Dacus’ vocal levity hedges into heavier rock tones, while the lyrics set the scene of what now feels “cult-like” and distant from her current reality.
“All these kids with their hands up, supposedly ‘moved by the spirit.’ But also not,” she says. “You learn that by watching your parents do it at church. It’s just going through the motions. So there’s a lot to unpack there.”
Her lead single, “Thumbs,” suggests Dacus is certainly done protecting harmful people from themselves. The fan-crazed song takes it a step further, guiding her non-fiction storyline into a horrific fantasy.
“Until that point in my life, that event—which is pretty much note-for-note what happened in the song other than me, um, murdering someone—I had never had, overt, violent urges,” says Dacus. “I felt so desperate and angry that the only solution is for this guy to die. So it was a learning experience to know that was within me.”
The violent urges, it seems, came from a deep place of concern for a friend she witnessed suffer at the hand of an intolerable and emotionally unhealthy father.
“I was snotty-nosed, crying, showing it to her,” the artist recalls when playing it for her friend, the subject’s daughter. “And after listening carefully, she said, ‘This is not a sad song. This is a song about our friendship. And it just makes me think about how grateful I am that you were there for that event.’
“That’s what I have been carrying with me,” she says in somewhat of a conclusion. At first, she felt bad passing the incredulous weight onto the listeners, especially as an introduction. “It’s just like a slog. I was worried they might not come to the record very openly after that.”

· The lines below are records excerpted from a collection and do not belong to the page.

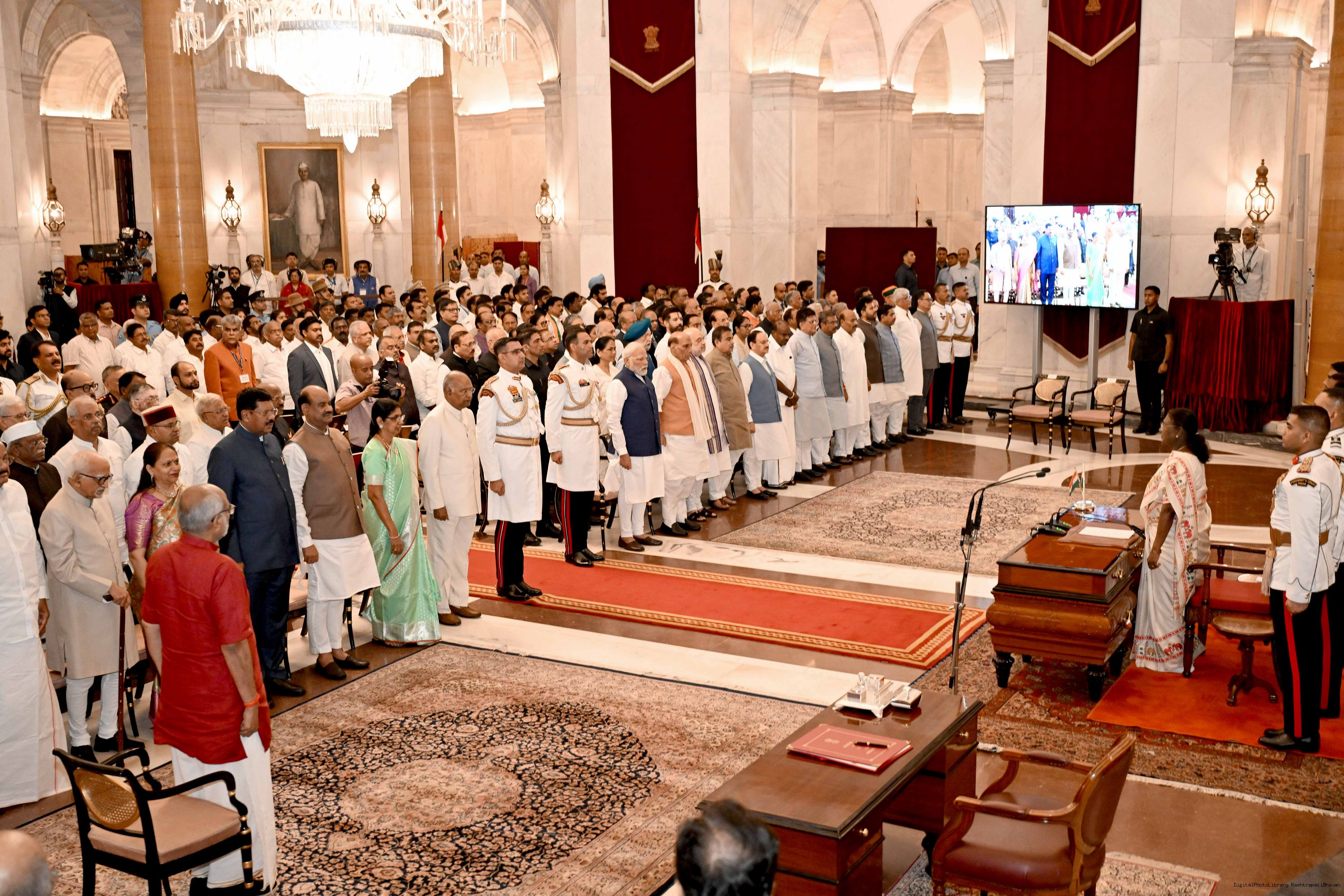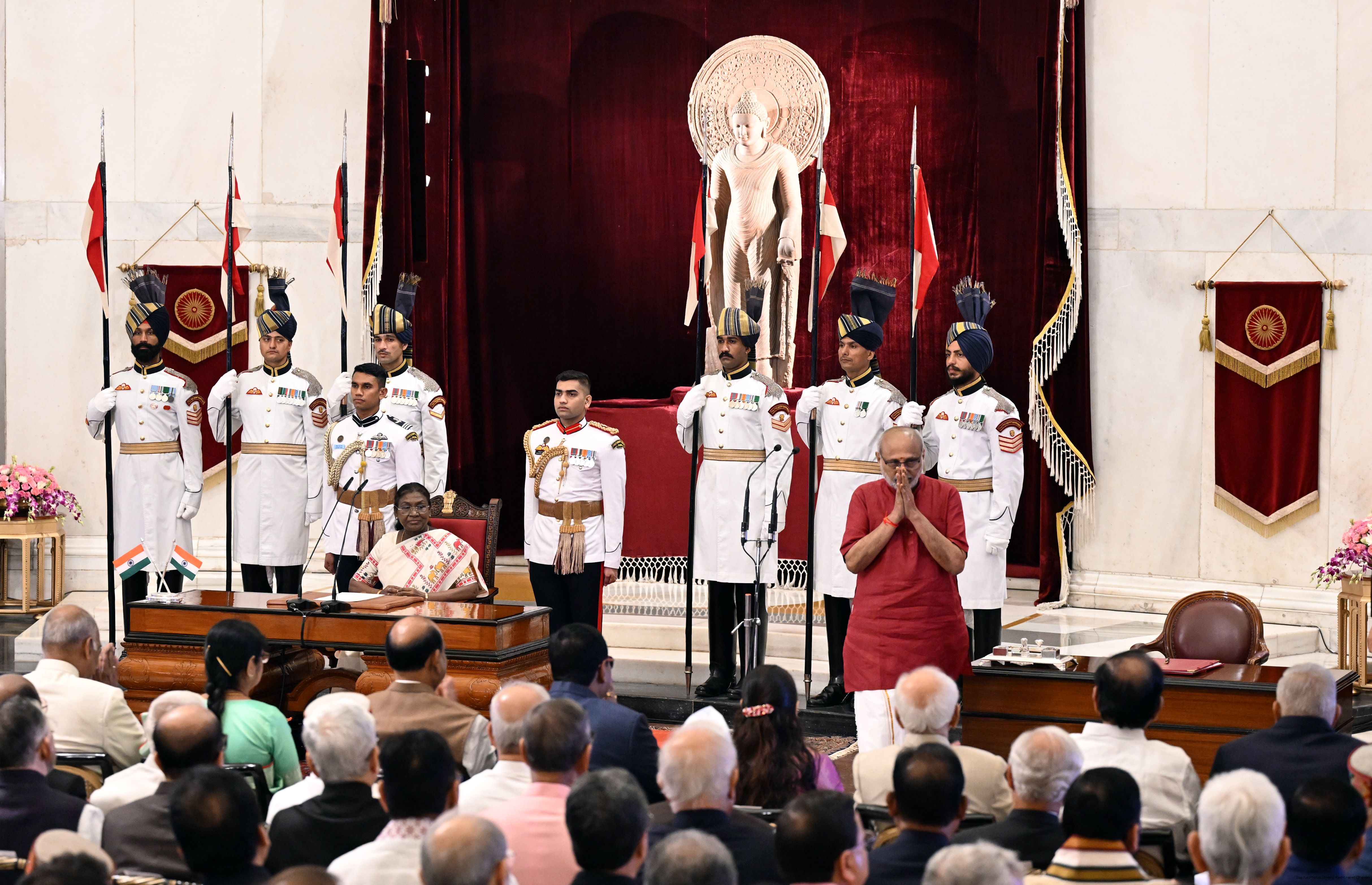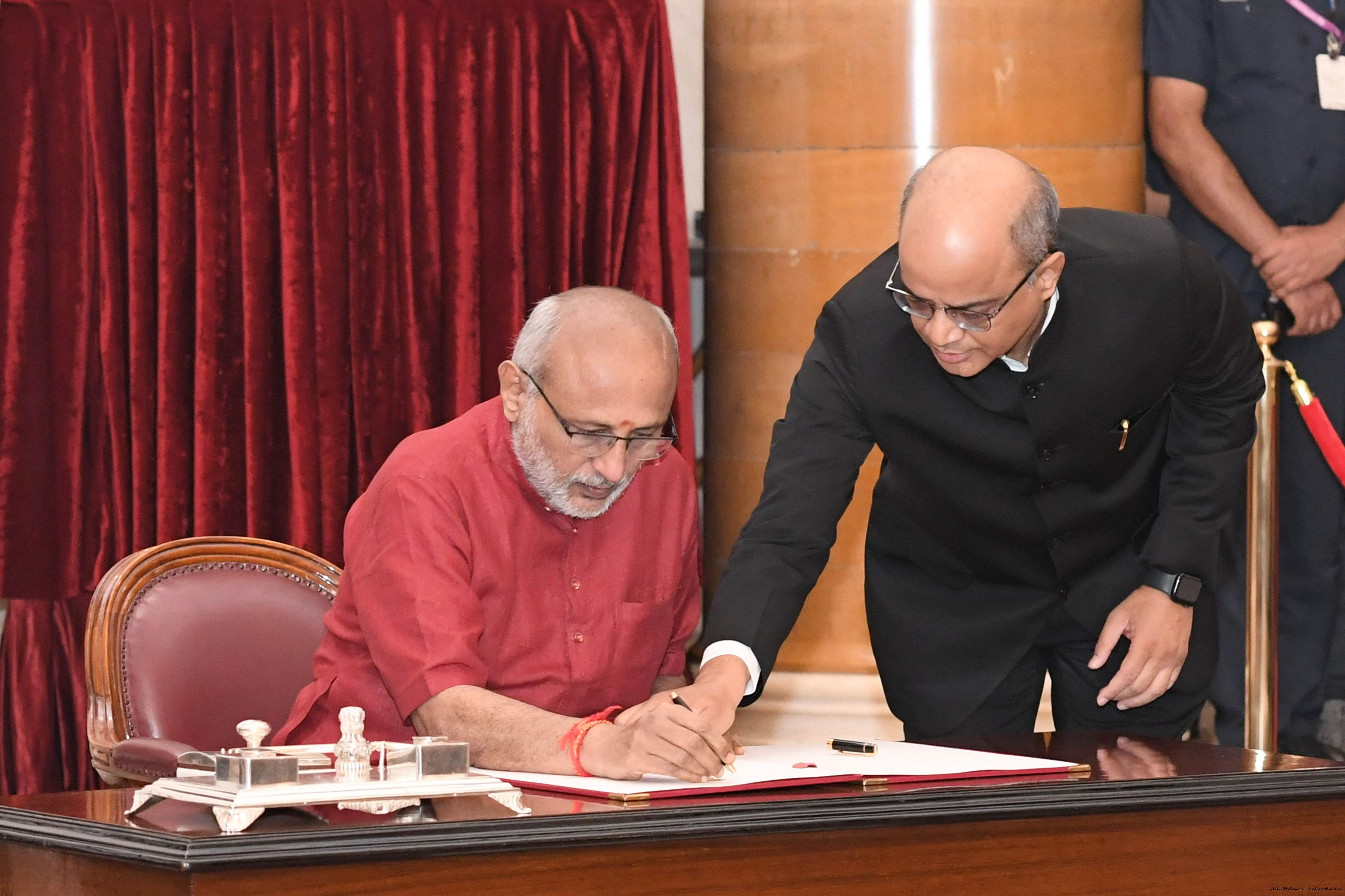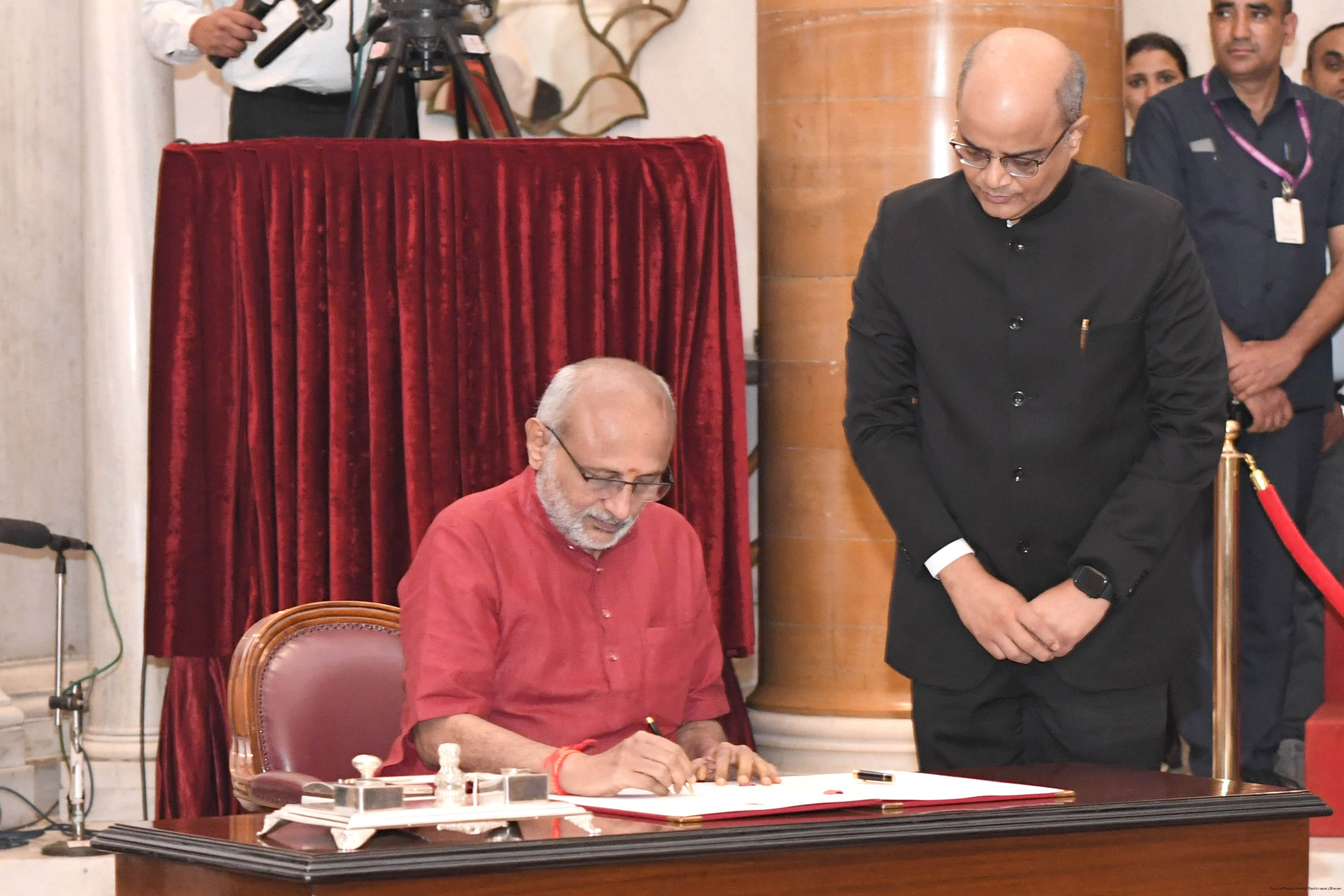 | Caption: | The President of India, Smt Droupadi Murmu administered the Oath of Office of Vice President of India to Shri C. P. Radhakrishnan at a Swearing-in-Ceremony held at Ganatantra Mandap, Rashtrapati Bhavan on September 12, 2025. |
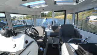 Garmin 102xs med ekolod, trimplan, 2 x vindrutetorkare, akterbänk med fenderförvaring och grindar, flaggstång, bord, matta i hytten, Cd/radio med 2 högtalare, höj och sänkbara förar och passagerarstolar, webasto dieselvärmare (at3900), 3 x Hella strålkastare på taket, folierade skrovsidor, bottenmålad, svart targabåge, 2 x takluckor, kompass, lanternor, bottenmålad.
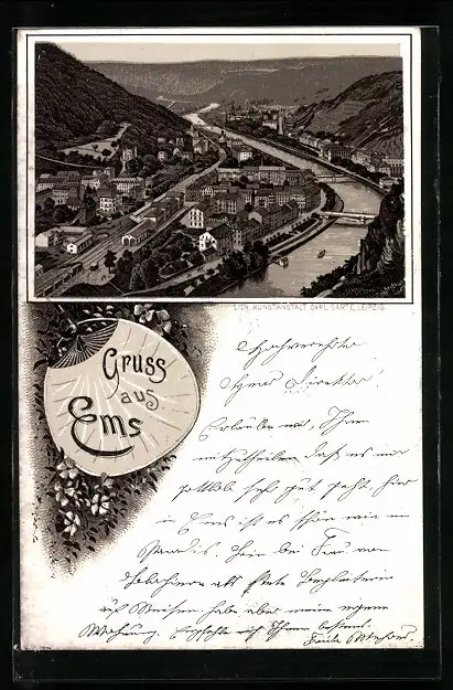 Vorläufer-Lithographie Ems, 1895, Totalansicht aus der Vogelschau
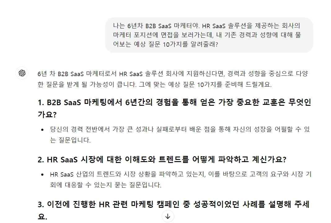 GPT가 예상 질문 리스트를 뽑아주자마자 ‘물어보길 정말 잘했다'는 생각이 들었다. 만약 준비되지 않은 상태에서 이런 질문을 받았다면 긴장한 상태에서 머릿속이 새하얘졌을 게 분명했다.
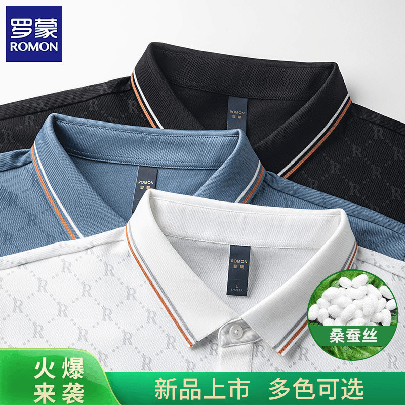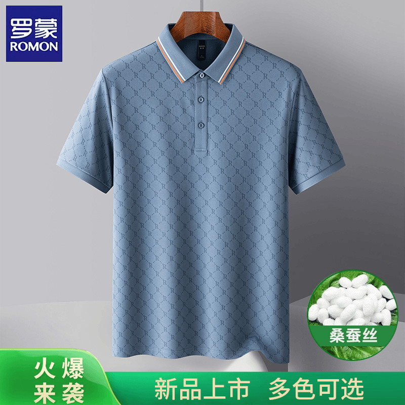 罗蒙正品【亚麻桑蚕丝】翻领短袖
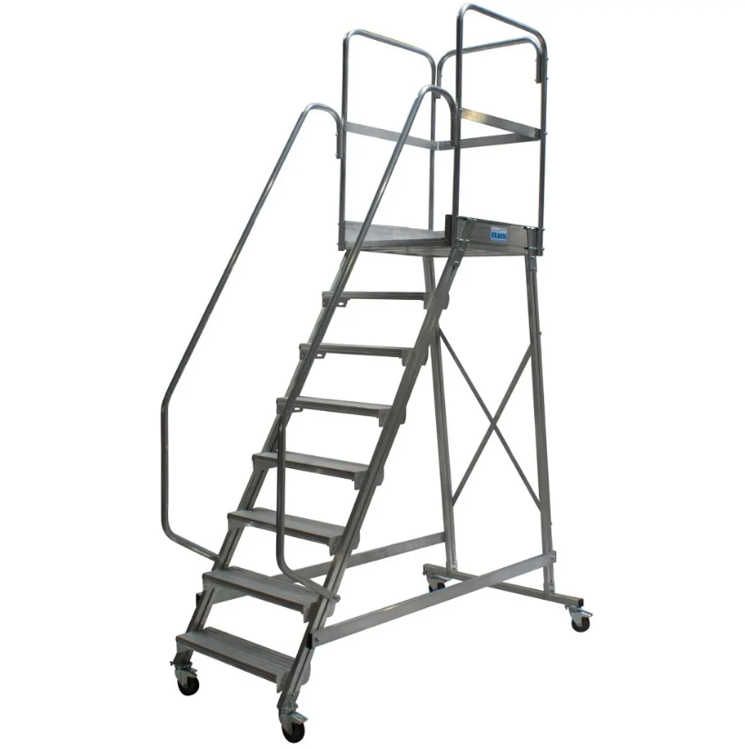 Односторонняя алюминиевая передвижная лестница с площадкой. Широкие ступени, двухсторонние перила и трёхстороннее ограждение площадки.
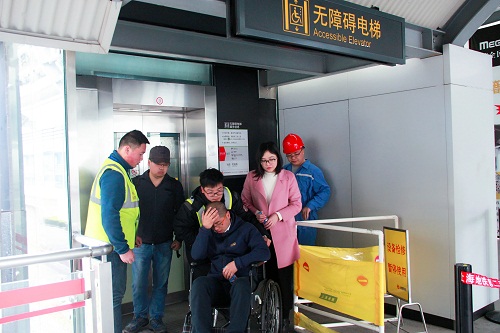 此次直梯困人主要模擬兆豐路在運營過程中2號口無障礙電梯因為設備原因發(fā)生故障,造成轎廂迫停在1樓至2樓中間位置,轎廂內2名乘客雖然無傷亡情況,但無法正常進出,車站對故障設備實施緊急處置并通知相關人員進行搶修,以及開展客流組織引導等工作。
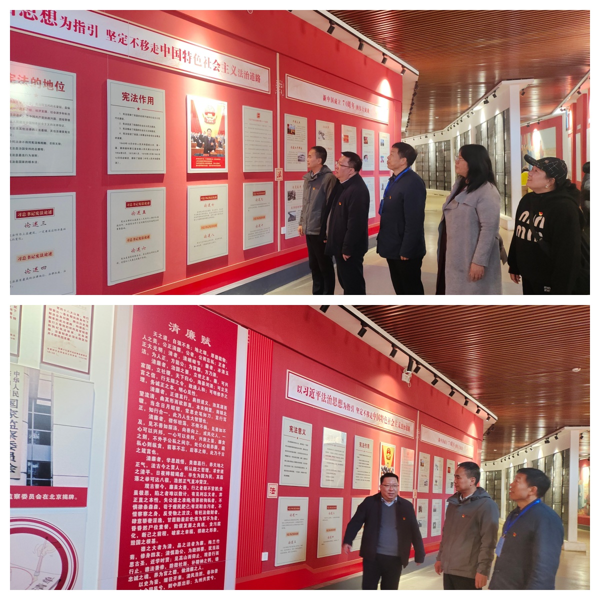 在基地工作人员的引导下,党员干部认真观看展厅内一件件珍贵文物、一幅幅历史照片,重点观看了“习近平法治思想”“中国共产党党风廉政建设光辉历程”“中国古代廉政文化”等展板。大家驻足仔细观看,认真学习领悟,将始终绷紧党纪国法之“弦”,始终做到心有所畏、言有所戒、行有所止。
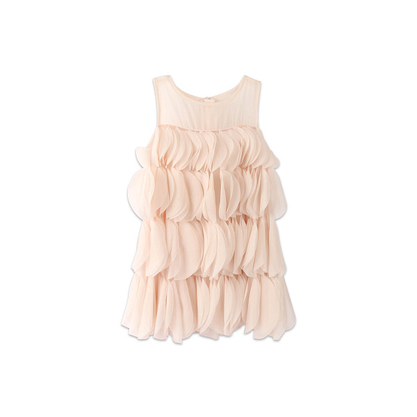 Изделие декорировано оборками. Они каскадами спускаются от уровня груди вниз. Горловина и пройма оторочены окантовкой в цвет платью. Благодаря такой конструкции и лаконичному цветовому решению ребенок не почувствует себя в вещи зажато и сможет свободно двигаться.

Setting those fears aside, Dacus released “Thumbs” on March 9. She had performed the track live for over a year. Admittedly, she needed to practice and asked fans if she could confide in them until it came time to share it more broadly. Not only did they grant that request, but they also became infatuated with the song and even created a Twitter profile titled Has Lucy released Thumbs yet?
“I care about that song a lot, so I’m really happy it landed for people,” she admits with relief.
Beginning in a place of utter vulnerability, Home Video reveals a more complete version of Dacus—one with the confidence to match her prolific artistry.
“I couldn’t tell where I stopped and my surroundings began,” says Dacus. “And so I wanted to tell myself my own stories as honestly as possible to hold a sense of self. So these are very personal, pretty factual stories about things that shaped me. I feel like I know myself better.”